TOILETPAPER est un magazine d’images créé en 2010 par le célèbre artiste contemporain italien Maurizio Cattelan et par le célèbre photographe publicitaire de renom internationale Pierpaolo Ferrari, connu dans le monde entier pour ses collaborations avec d’importantes agences et marques internationales (parmi lesquelles on peut citer: Saatchi&Saatchi, Nike, Mercedes, Campari, Sony, Alitalia, Emporio Armani, Kenzo, Maison Kitsune. ndr). Issues de l’imagination tordue et visionnaire et d’une ironie au goût surréaliste, les photographies de chaque numéro sont une séquence bien orchestrée de tableaux vivants présentés avec la perfection des peintres flamands ou des revues de modes sur papier glacé. Dans une récente interview, P. Ferrari décrit ainsi ce projet:
«TOILETPAPER c’est comme s’assoir à table avec d’hypothétiques parents du sud. Un repas intense composé de 23 plats audacieux, sérieux et inattendus. Un voyage olfactif chromatique et temporel dans un monde effrayé par les régimes ».
Et en parlant de table, récemment TOILETPAPER a débarqué avec ses images déroutantes sur des objets domestiques, grâce à la collaboration de Seletti Design et Gufram (ce dernier produit des meubles pop avec des pièces ironiques et iconiques du design exposées dans les musées les plus importants au monde. ndr) Mais cela est seulement une des nombreuses collaborations réalisées par Cattelan-Ferrari.
Ce projet sans égal est né de façon spontanée d’une banale question que se sont posés un jour les deux artistes: « Pourquoi ne pas faire quelque chose pour nous plutôt que pour les autres uniquement? ».
La réponse nous la connaissons: la création de TOILETPAPER, un art magazine qui a l’ambition d’unir, de façon inédite et originale, le langage de l’art contemporain (représenté par Cattelan) aux codes de la publicité et de l’univers de la mode (milieux dans lesquels excelle le photographe Ferrari).
Différentes facettes de la culture contemporaine en confrontation donc. Mais comment? A travers des photographies provocantes, paradoxales et profondément ironiques. Caractérisées par des couleurs fortes et contrastantes, les images publiées sont les vraies et uniques personnages du magazine. Leurs inégales charges provocantes viennent justement du monopole indiscutable des images qui ne laissent place à aucun texte ou didascalie.
TOILETPAPER est un mélange, aussi savant que sarcastique, de photographies qui évoquent performances et campagnes publicitaires, aux cotés de références pop-dada-surréaliste, obsessions sexuelles, outrage à la limite de l’obscène, suggestions et ambiguïtés de toutes sortes.
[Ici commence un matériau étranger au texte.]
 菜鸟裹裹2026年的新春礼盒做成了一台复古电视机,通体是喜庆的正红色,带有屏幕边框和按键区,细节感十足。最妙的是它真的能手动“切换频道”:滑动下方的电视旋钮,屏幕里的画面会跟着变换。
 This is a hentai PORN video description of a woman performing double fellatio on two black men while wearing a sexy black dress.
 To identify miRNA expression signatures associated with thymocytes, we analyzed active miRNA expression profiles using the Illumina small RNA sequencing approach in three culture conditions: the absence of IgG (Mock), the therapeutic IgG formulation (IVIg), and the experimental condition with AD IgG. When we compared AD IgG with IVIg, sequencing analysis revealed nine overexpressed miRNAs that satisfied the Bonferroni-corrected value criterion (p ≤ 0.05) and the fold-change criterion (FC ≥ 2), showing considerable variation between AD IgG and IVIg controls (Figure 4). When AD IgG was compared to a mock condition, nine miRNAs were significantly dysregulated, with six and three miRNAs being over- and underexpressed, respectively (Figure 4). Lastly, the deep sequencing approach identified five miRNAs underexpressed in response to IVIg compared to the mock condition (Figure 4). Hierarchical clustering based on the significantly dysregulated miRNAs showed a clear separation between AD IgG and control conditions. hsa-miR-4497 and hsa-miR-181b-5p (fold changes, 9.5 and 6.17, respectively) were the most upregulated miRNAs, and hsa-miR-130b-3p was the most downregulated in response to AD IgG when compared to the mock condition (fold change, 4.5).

Avec ce projet, Cattelan et Ferrari lancent un tacite (mais explicite) défi à la critique d’art contemporain, avec une bonne dose d’autodérision et de cynisme, signes distinctifs des deux auteurs.
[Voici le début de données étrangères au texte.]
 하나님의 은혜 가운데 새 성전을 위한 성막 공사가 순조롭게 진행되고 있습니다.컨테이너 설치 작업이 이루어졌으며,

TOILETPAPER peut alors être lu comme une proposition (en rien indécente) qui profite à l’art de façon directe, à un public toujours plus vaste et transversale. Comme Andy Warhol et ses sérigraphies « Campbell’s Soup Cans », Maurizio Cattelan et Pierpaolo Ferrari cherchent à rendre – de manière audacieuse et visionnaire, bien sûr – l’art vraiment POP(-ulaire) et toucher le plus grand nombre de lecteur.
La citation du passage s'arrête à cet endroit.